29 January 2010, 12:00 am

“Numbers” Table of Contents

Part 1: Magnitude
Part 2: Exponentiation
Part 3: Hyper and Knuth Up Arrows
Part 4: Graham’s Number and Conway Arrows
Part 5: Extended Conway Arrows
Part 6: Limit Functions
Part 7: Larger Limit Functions
Part 8: Exponentiation Within Limit Functions

Graham’s Number and Very Large Quanities of Arrows

We have the notation $a \uparrow^n b$ to describe anything with n arrows. But what if we used Knuth’s up arrow notation to describe the number of arrows?

Graham’s Number does exactly that. Graham’s Number is an upper bound used in a mathematical proof, with more information about its history findable in it’s Wikipedia article.

However, it’s relevant here because it’s the 1980 Guiness Book of World Records holder for largest number that is used seriously in mathematics, as opposed to numbers that exist for the sake of being large, like every other number here.

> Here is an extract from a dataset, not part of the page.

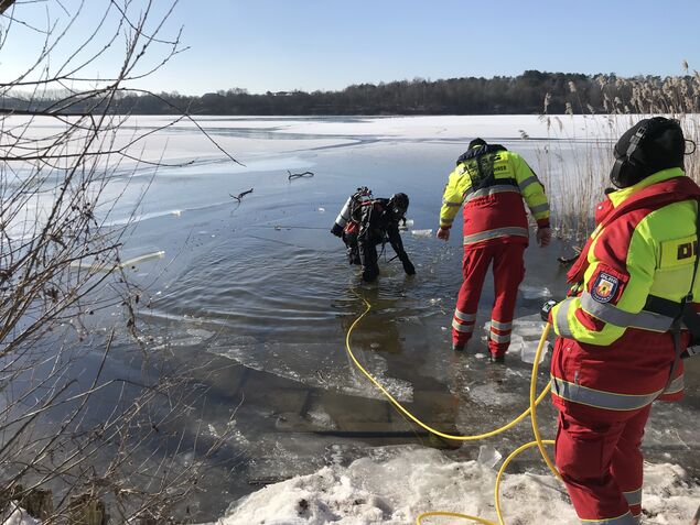 Gerade weil es in der Region selten vorkommt, dass Gewässer mit einer entsprechend dicken Eisdecke bedeckt sind, ist die DLRG bestens auf Notfälle und Eisrettungen vorbereitet. Zur Standardausrüstung aller Wasserrettungseinheiten gehört ein Kälteschutzanzug. "So haben die Retter einen trockenen Anzug, wenn sie einbrechen würden, sodass sie trocken und warm bleiben. Außerdem sind unsere Retter im Einsatz immer angeseilt, damit sie im Notfall zurückgezogen werden können", schildert Laudien.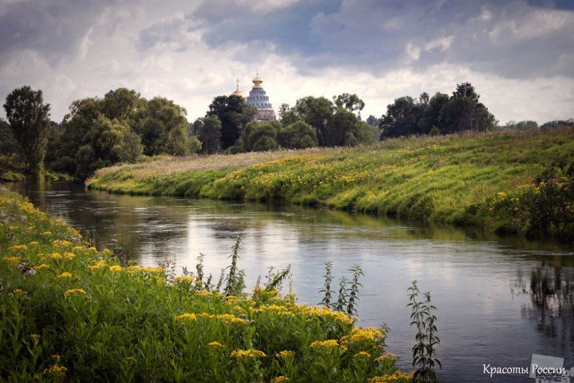 Цветущие берега реки Истры. Вдалеке возвышается ротонда Новоиерусалимского монастыря.

It is also larger than anything that can be expressed in Knuth’s up arrow notation.

Graham’s number is found by continuing a pattern:
$g_1 = 3 \uparrow^4 3 = 3 \uparrow \uparrow \uparrow \uparrow 3$

$g_2 = 3 \uparrow^{g_1} 3 = \underbrace{3 \uparrow \cdots \uparrow 3}_{3 \uparrow \uparrow \uparrow \uparrow 3 \text{ arrows}}$

$g_3 = 3 \uparrow^{g_2} 3 = \underbrace{3 \uparrow \cdots \uparrow 3}_{\underbrace{3 \uparrow \cdots \uparrow 3}_{3 \uparrow \uparrow \uparrow \uparrow 3}}$
…

Graham’s number is G, which is equal to the 64th entry in this series.
$G = g_{64} = 3 \uparrow^{g_63} 3 = \left. \underbrace{3 \uparrow \cdots \uparrow 3}_{ \underbrace{3 \uparrow \cdots \uparrow 3}_{ \underbrace{\vdots}_{3 \uparrow \uparrow \uparrow \uparrow 3}}} \right\} 64 \text{ layers}$

Graham’s Number in Hyper Notation

Graham’s number can also be represented by the Hyper Function. We know that the c of the Hyper Function is the same as the amount of arrows – 2, so:
g₁ = hyper(3, 3, 6)
g₂ = hyper(3, 3, g₁) = hyper(3, 3, hyper(3, 3, 6))
g₃ = hyper(3, 3, g₂) = hyper(3, 3, hyper(3, 3, g₁)) = hyper(3, 3, hyper(3, 3, hyper(3, 3, 6)))
…
$G = g_{64} = \underbrace{hyper(3, 3, hyper(3, 3, hyper( \cdots hyper(3, 3, 6)))))}_{64 \text{ nested functions}}$

Magnitude within Graham’s Series

The series g₁, g₂, g₃… grows faster than any other series in applicable mathematics. The difference between g₁ and g₂ is already difficult to calculate — the first number has 4 arrows and the second has arrows equal to a number with four arrows.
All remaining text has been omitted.